Apple will usher in a new era for the company during an event on Monday, marking their largest strategic shift since launching the iPhone in 2007, Bloomberg speculates. When Tim Cook takes the stage, he is expected to unveil not a new gadget or revamped hardware, but rather describe Apple’s deeper push into the digital services space, potentially including movies, television, and even video games.
“This is a pivotal shift for Apple and in our opinion the biggest strategic move since the iPhone was unveiled in 2007,” said Dan Ives, an analyst at Wedbush Securities. “There is massive pressure on Cook and Apple to deliver on services, with streaming content a potential linchpin of growth.”
Across major markets in the developed world, sales of Apple’s strongest modern moneymakers — smartphones, computers, and tablets — are down. In response, the company has turned significantly to their existing digital services, including Apple Music and their cloud storage solutions.
Bloomberg predicts that Apple’s digital pivot could resemble Amazon’s Prime offering, delivering a suite of digital services in a single package that could include a range of things including news, music, movies, and video games. Apple has previously discussed the possibility of making such services available at a discounted rate when bundled together.

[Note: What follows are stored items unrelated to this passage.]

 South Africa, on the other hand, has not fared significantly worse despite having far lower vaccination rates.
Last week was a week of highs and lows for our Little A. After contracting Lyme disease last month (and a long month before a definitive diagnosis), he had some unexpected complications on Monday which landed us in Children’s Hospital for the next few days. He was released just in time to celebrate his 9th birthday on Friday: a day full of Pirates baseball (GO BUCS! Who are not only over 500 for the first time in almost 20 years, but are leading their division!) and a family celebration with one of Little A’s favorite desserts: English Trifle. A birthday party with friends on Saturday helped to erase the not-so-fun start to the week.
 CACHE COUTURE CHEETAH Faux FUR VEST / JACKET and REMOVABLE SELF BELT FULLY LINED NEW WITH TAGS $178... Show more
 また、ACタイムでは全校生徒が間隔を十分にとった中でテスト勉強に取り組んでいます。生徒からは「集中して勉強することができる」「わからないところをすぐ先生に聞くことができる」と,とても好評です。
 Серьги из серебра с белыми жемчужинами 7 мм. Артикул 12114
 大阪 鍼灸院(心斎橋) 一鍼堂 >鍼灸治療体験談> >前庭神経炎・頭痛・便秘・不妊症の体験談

“If Apple executes with minimal speed bumps and aggressively acquires content, given the company’s massive installed base and unmatched brand loyalty we believe reaching 100 million subscriptions in the medium term (3 to 5 years) is a realistic goal that could translate into a $7 billion to $10 billion annual revenue stream over time,” Ives said in a message to investors.

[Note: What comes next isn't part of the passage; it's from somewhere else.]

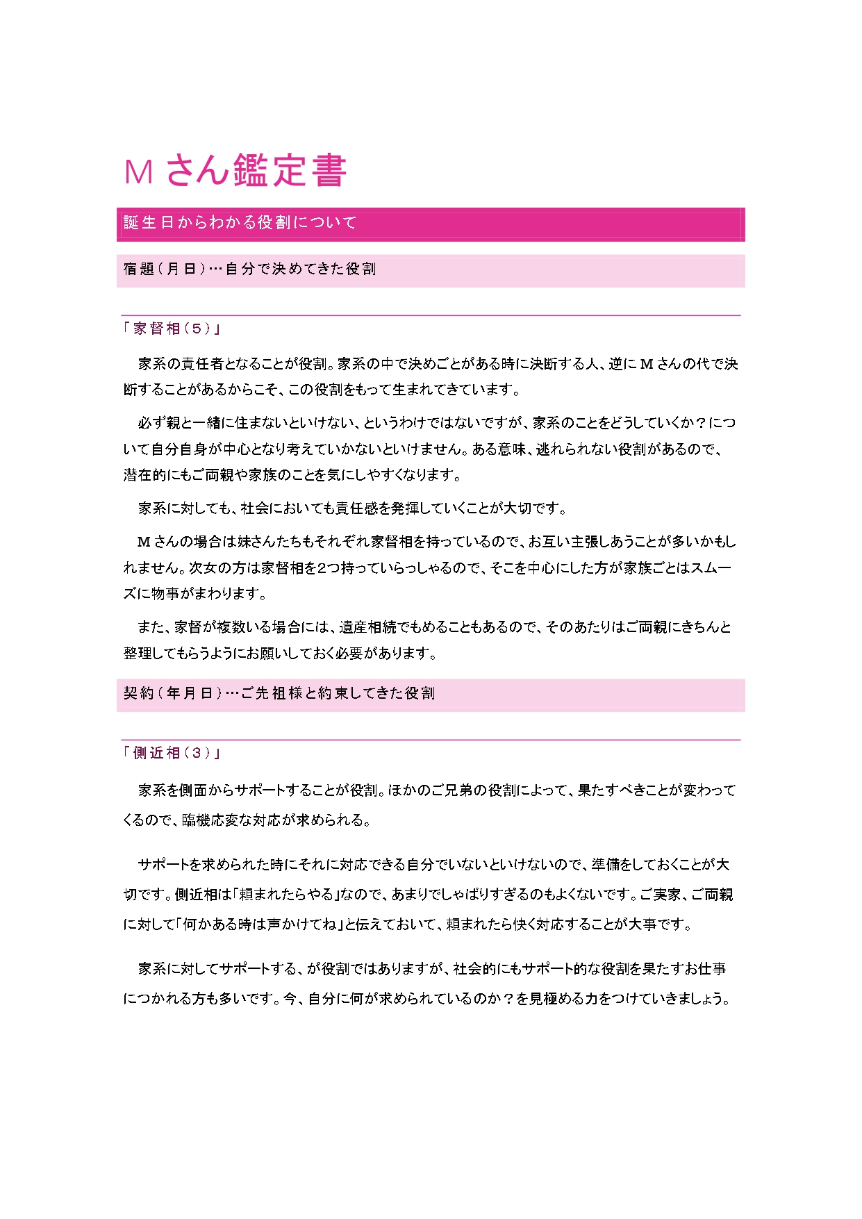 鑑定を受けたことで、自分の役割がわかり、今までふんわりイメージしていた物事に確信が持て、行動するキッカケになりました。

Of all the possible components of a digital services menu from Apple, the long shot of the bunch may be the video game subscription, as it would most significantly require a reinvention of current norms and distribution models. According to unnamed sources, however, Apple has been in talks with a number of potential gaming partners in pursuit of a premium gaming subscription model. The subscription would reportedly focus on existing hardware like iPhones and iPads, giving customers the ability to access a variety of premium games on the platform for a monthly fee.
Similar to existing digital subscriptions, Apple would collect that revenue and share it with game developers, with one source indicating that developers could earn a larger share of the fees based on how much time users spent on their games in particular.
One looming question is whether these services will be open to the marketplace in general or limited to Apple’s devices, a major strategic consideration that the company and competitors continue to navigate as lines blur between hardware, software, and services.